_Task objective_.
Write the listing out once more, identical to the original but without pictures.

--- Dataset extract Enclosed Below ---

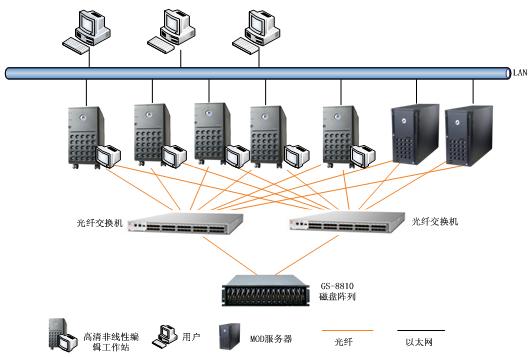 宝德存储引领三网融合,创广电新发展利用数字技术,广电行业可以把以前重复的、手工的流程改变为自动的、并行的制作和管理流程,提高节目制作和管理效率,降低制作成本,减少从节目制作到节目播出的时间,提供巨大的多媒体内容处理能力和无限的视觉效果。 一.需求分析 广播电视业正在发生一个从模拟到数字化的变革。数字化不仅提高广播电视节目制播的效率和质量,也给广播电视提供了新的传播方式,为各种内容发布的新终端商务模式提供了可能性。 在中国,广播电视的数字化从小规模的试探,到核心业务的渗透,到现在向网络化、互联互通、全程无磁带化发展。数字化已是广播电视必然的发展趋势。 数字化技术从根本上改变了影视节目的制作、管理、存储和分发方式。利用数字技术,广电行业可以把以前重复的、手工的流程改变为自动的、并行的制作和管理流程,提高节目制作和管理效率,降低制作成本,减少从节目制作到节目播出的时间,提供巨大的多媒体内容处理能力和无限的视觉效果。 从磁带到比特,数字系统具备强大的 IT 成分。以 IT 为核心也将是广播电视全面数字化的趋势。 二.方案拓扑 三、方案描述 存储设备是高清非线性编辑制作网或媒体系统资源中的一个重要组成不分,宝德GS-8810全光纤磁盘阵列是保证系统的安全、稳定和高效运行。 宝德GS-8810磁盘阵列是最新推出一款高性能的部门级8Gb交换式存储系统。系统的多协议连接性和模块化架构支持8Gb/s光纤通道 (8G FC) 和 1Gb/s iSCSI 主机接口,可以在需求发生变化时按需配置,有助于降低采购及运营成本,3700MB/s的传输速度完全可以满足客户对高速调取数据的需求,GB 的电池供电缓存为数据的安全性提供了完美的保障。兼容多种操作系统,并且支持存储分区(SANshare)、快照(Snapshot)、卷拷贝(Volume copy)及同步镜像(RVM)等软件功能。 由于广电行业对数据读取速度的要求比较高,宝德GS-8810高带宽高IO能够满足此行业的需求。存储子系统是考虑数字化建设的直接切入点。无论是对核心业务的整体数字化规划还是对子系统的各自建设,都提出了对 IT 基础架构中的存储需求。 高性能:本产品采用Intel Xscale 1.2GHz RISC处理器,支持4GB缓存,提供8个8G主机端口,或可选 1Gbps iSCSI 接口,数据传输率1600MB/s,I/O事务处理可达到200,000 IOPS 可扩展性:此套方案为了满足以后系统的扩容或者扩展前端服务器数量,采用先进的SAN架构,不仅满足了高传输还提供了高扩展。 可靠性:从磁盘阵列内部来讲,内部采用全光纤、全冗余的系统设计,所有部件支持热插拔,支持冗余双主机通道的独立工作,从整体构架来讲,SAN构架具有稳定的数据传输协议,满足了不同类型用户对数据存储的需求。 简便的管理:基于Java 图形界面的动态存储管理软件SANtricity可以通过SAN或LAN在单一地点对多套不同的宝德光纤存储系统进行配置、监控和在线管理。 责编:流沙 ![]() 著作权声明:畅享网文章著作权分属畅享网、网友和合作伙伴,部分非原创文章作者信息可能有所缺失,如需补充或修改请与我们联系,工作人员会在1个工作日内配合处理。 |
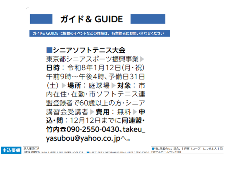 シニアソフトテニス大会(ソフトテニス連盟)【令和8年1/12(月・祝)】
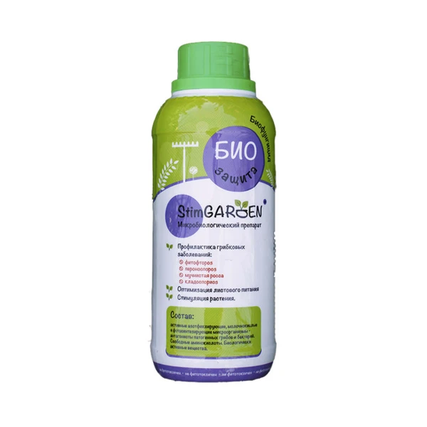 БИО защита StimGarden — микробиологический препарат, подавляет активность патогенных микроорганизмов (грибков и бактерий), инактивирует их токсины. Стимулирует рост и развитие растений, повышает их стрессоустойчивость. Активирует фотосинтез. Надежная защита и профилактика от большинства болезней.
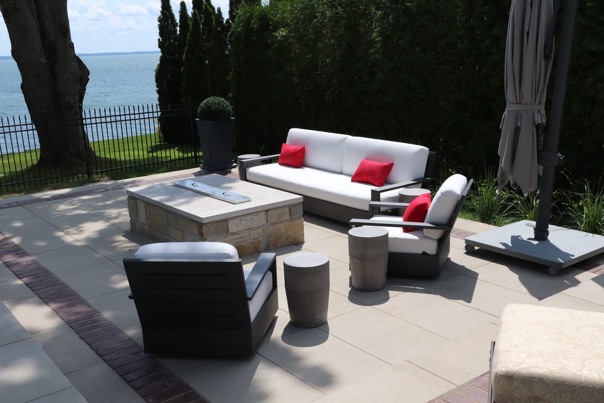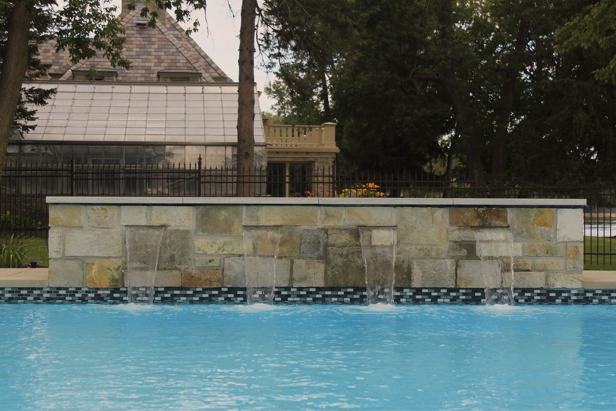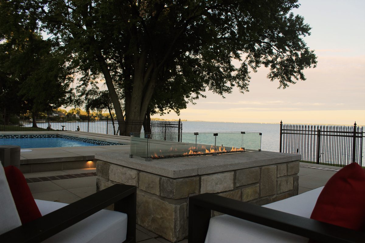 In order to tie in with the beautiful stone of the house, we used St-Marc’s stone when building the custom-made fireplace and water feature.
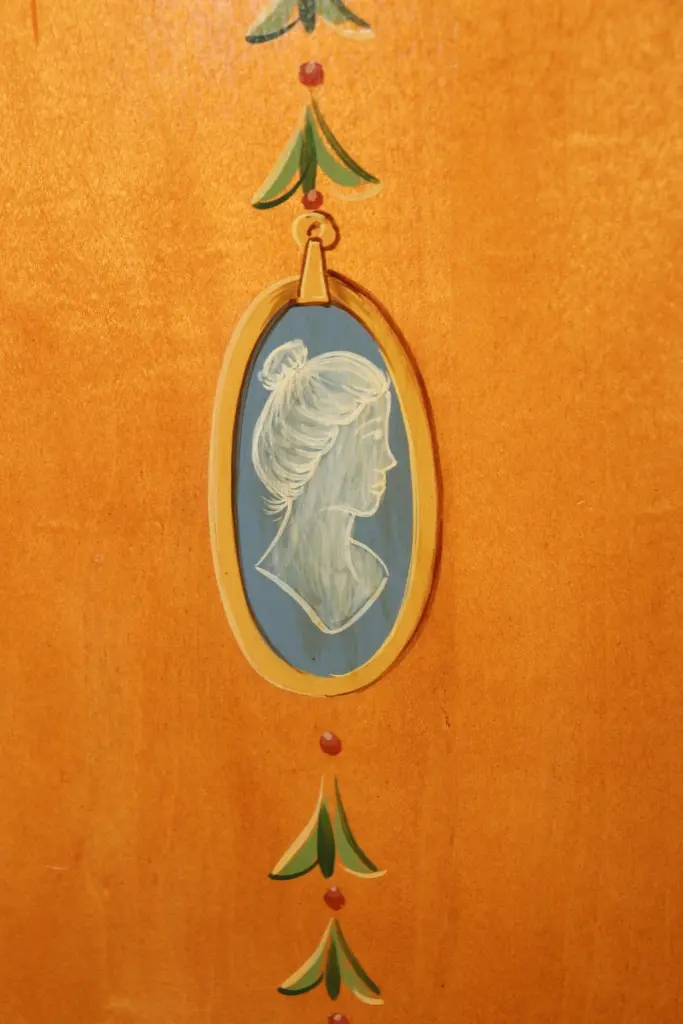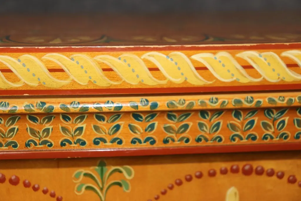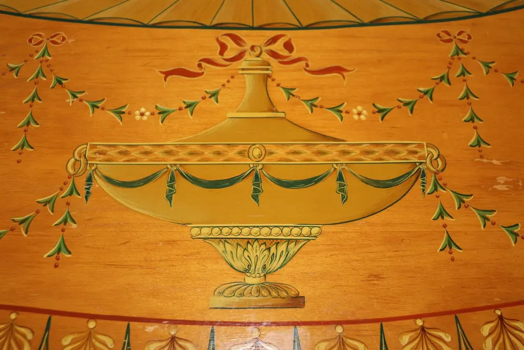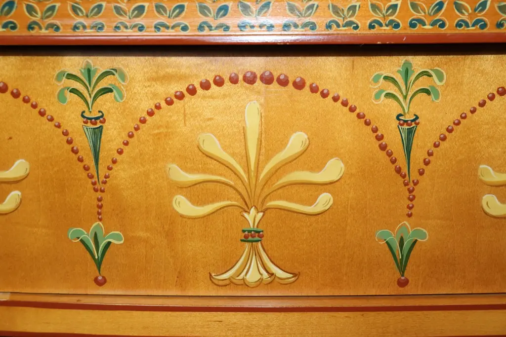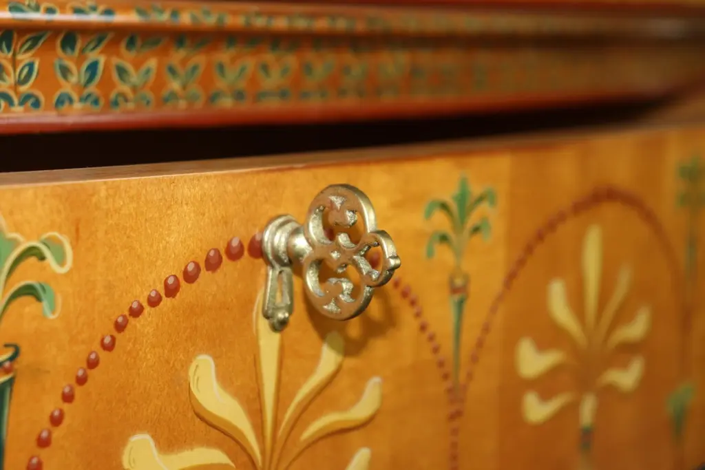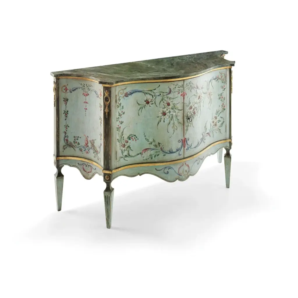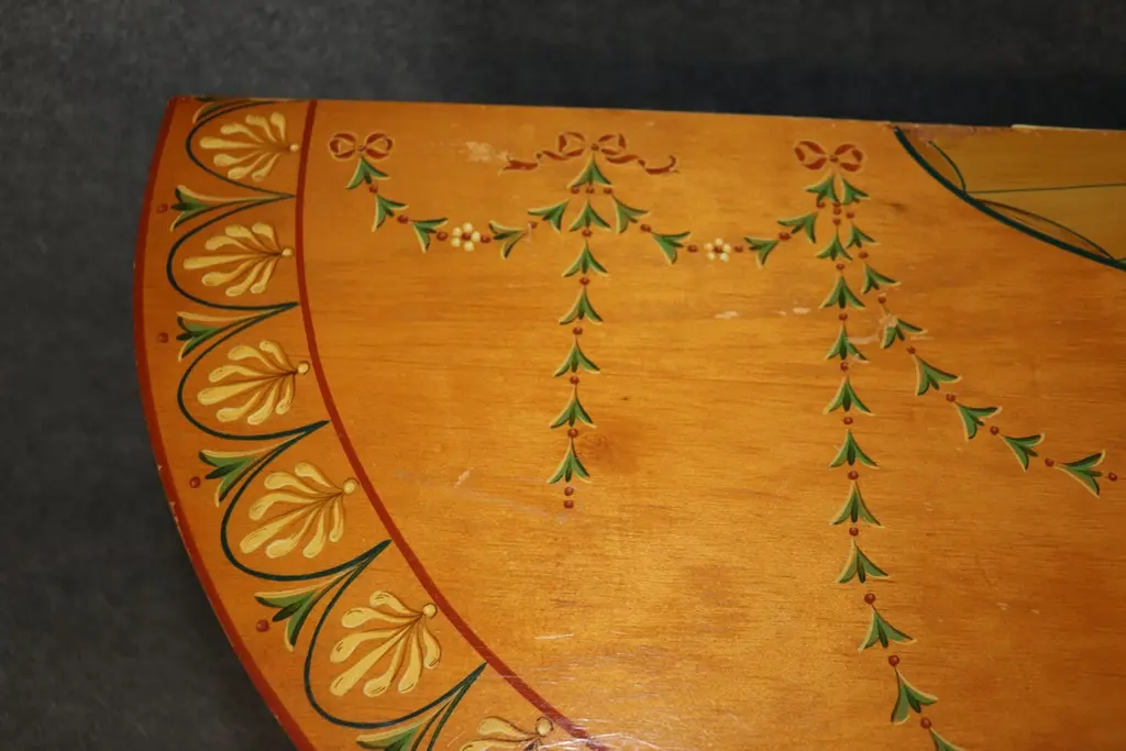 Dimensions - H: 34 3/4 in W: 60 in D: 19 inThis Adams Style Paint Decorated Demilune Sideboard or server, crafted by Historic New England, is a beautifully designed and intricately detailed piece that showcases the style and elegance of 18th-century English craftsmanship. The sideboard follows the neoclassical principles of the Adams style, which is characterized by its graceful proportions, refined decoration, and emphasis on symmetry.The demilune shape, with its half-moon form, gives the piece a sense of movement and fluidity, making it an ideal addition to any entryway, dining room, or formal space. The rich paint decoration adds to its visual interest, with delicate, hand-painted floral motifs and subtle geometric patterns, which recall the sophisticated artistry of Adams furniture. The carefully chosen color palette, typically featuring soft hues like creams, greens, and muted gold, enhances the sideboard's timeless appeal.Designed not only for its aesthetic qualities but also for its functional utility, the server offers ample storage space, often with drawers and cabinets, ideal for keeping dinnerware, linens, or other dining essentials neatly organized. The elegant, slender legs tapering down from the body of the sideboard/server elevate the piece, giving it an air of lightness and grace. This piece is perfect for use in any entryway, livingroom dining room or bedroom and can be used functionally on a daily basis! The piece is in good vintage condition with the exception of some finish loss and minor light surface scratches and chips as to be expected with items of age and use. otherwise good condition. If you have any other questions please do not hesitate to reach out and ask!- D&P Luxuries

--- End of Enclosed Dataset extract ---

_Solution_.
 宝德存储引领三网融合,创广电新发展利用数字技术,广电行业可以把以前重复的、手工的流程改变为自动的、并行的制作和管理流程,提高节目制作和管理效率,降低制作成本,减少从节目制作到节目播出的时间,提供巨大的多媒体内容处理能力和无限的视觉效果。 一.需求分析 广播电视业正在发生一个从模拟到数字化的变革。数字化不仅提高广播电视节目制播的效率和质量,也给广播电视提供了新的传播方式,为各种内容发布的新终端商务模式提供了可能性。 在中国,广播电视的数字化从小规模的试探,到核心业务的渗透,到现在向网络化、互联互通、全程无磁带化发展。数字化已是广播电视必然的发展趋势。 数字化技术从根本上改变了影视节目的制作、管理、存储和分发方式。利用数字技术,广电行业可以把以前重复的、手工的流程改变为自动的、并行的制作和管理流程,提高节目制作和管理效率,降低制作成本,减少从节目制作到节目播出的时间,提供巨大的多媒体内容处理能力和无限的视觉效果。 从磁带到比特,数字系统具备强大的 IT 成分。以 IT 为核心也将是广播电视全面数字化的趋势。 二.方案拓扑 三、方案描述 存储设备是高清非线性编辑制作网或媒体系统资源中的一个重要组成不分,宝德GS-8810全光纤磁盘阵列是保证系统的安全、稳定和高效运行。 宝德GS-8810磁盘阵列是最新推出一款高性能的部门级8Gb交换式存储系统。系统的多协议连接性和模块化架构支持8Gb/s光纤通道 (8G FC) 和 1Gb/s iSCSI 主机接口,可以在需求发生变化时按需配置,有助于降低采购及运营成本,3700MB/s的传输速度完全可以满足客户对高速调取数据的需求,GB 的电池供电缓存为数据的安全性提供了完美的保障。兼容多种操作系统,并且支持存储分区(SANshare)、快照(Snapshot)、卷拷贝(Volume copy)及同步镜像(RVM)等软件功能。 由于广电行业对数据读取速度的要求比较高,宝德GS-8810高带宽高IO能够满足此行业的需求。存储子系统是考虑数字化建设的直接切入点。无论是对核心业务的整体数字化规划还是对子系统的各自建设,都提出了对 IT 基础架构中的存储需求。 高性能:本产品采用Intel Xscale 1.2GHz RISC处理器,支持4GB缓存,提供8个8G主机端口,或可选 1Gbps iSCSI 接口,数据传输率1600MB/s,I/O事务处理可达到200,000 IOPS 可扩展性:此套方案为了满足以后系统的扩容或者扩展前端服务器数量,采用先进的SAN架构,不仅满足了高传输还提供了高扩展。 可靠性:从磁盘阵列内部来讲,内部采用全光纤、全冗余的系统设计,所有部件支持热插拔,支持冗余双主机通道的独立工作,从整体构架来讲,SAN构架具有稳定的数据传输协议,满足了不同类型用户对数据存储的需求。 简便的管理:基于Java 图形界面的动态存储管理软件SANtricity可以通过SAN或LAN在单一地点对多套不同的宝德光纤存储系统进行配置、监控和在线管理。 责编:流沙 ![]() 著作权声明:畅享网文章著作权分属畅享网、网友和合作伙伴,部分非原创文章作者信息可能有所缺失,如需补充或修改请与我们联系,工作人员会在1个工作日内配合处理。 |
 シニアソフトテニス大会(ソフトテニス連盟)【令和8年1/12(月・祝)】
 БИО защита StimGarden — микробиологический препарат, подавляет активность патогенных микроорганизмов (грибков и бактерий), инактивирует их токсины. Стимулирует рост и развитие растений, повышает их стрессоустойчивость. Активирует фотосинтез. Надежная защита и профилактика от большинства болезней.
 In order to tie in with the beautiful stone of the house, we used St-Marc’s stone when building the custom-made fireplace and water feature.
 Dimensions - H: 34 3/4 in W: 60 in D: 19 inThis Adams Style Paint Decorated Demilune Sideboard or server, crafted by Historic New England, is a beautifully designed and intricately detailed piece that showcases the style and elegance of 18th-century English craftsmanship. The sideboard follows the neoclassical principles of the Adams style, which is characterized by its graceful proportions, refined decoration, and emphasis on symmetry.The demilune shape, with its half-moon form, gives the piece a sense of movement and fluidity, making it an ideal addition to any entryway, dining room, or formal space. The rich paint decoration adds to its visual interest, with delicate, hand-painted floral motifs and subtle geometric patterns, which recall the sophisticated artistry of Adams furniture. The carefully chosen color palette, typically featuring soft hues like creams, greens, and muted gold, enhances the sideboard's timeless appeal.Designed not only for its aesthetic qualities but also for its functional utility, the server offers ample storage space, often with drawers and cabinets, ideal for keeping dinnerware, linens, or other dining essentials neatly organized. The elegant, slender legs tapering down from the body of the sideboard/server elevate the piece, giving it an air of lightness and grace. This piece is perfect for use in any entryway, livingroom dining room or bedroom and can be used functionally on a daily basis! The piece is in good vintage condition with the exception of some finish loss and minor light surface scratches and chips as to be expected with items of age and use. otherwise good condition. If you have any other questions please do not hesitate to reach out and ask!- D&P Luxuries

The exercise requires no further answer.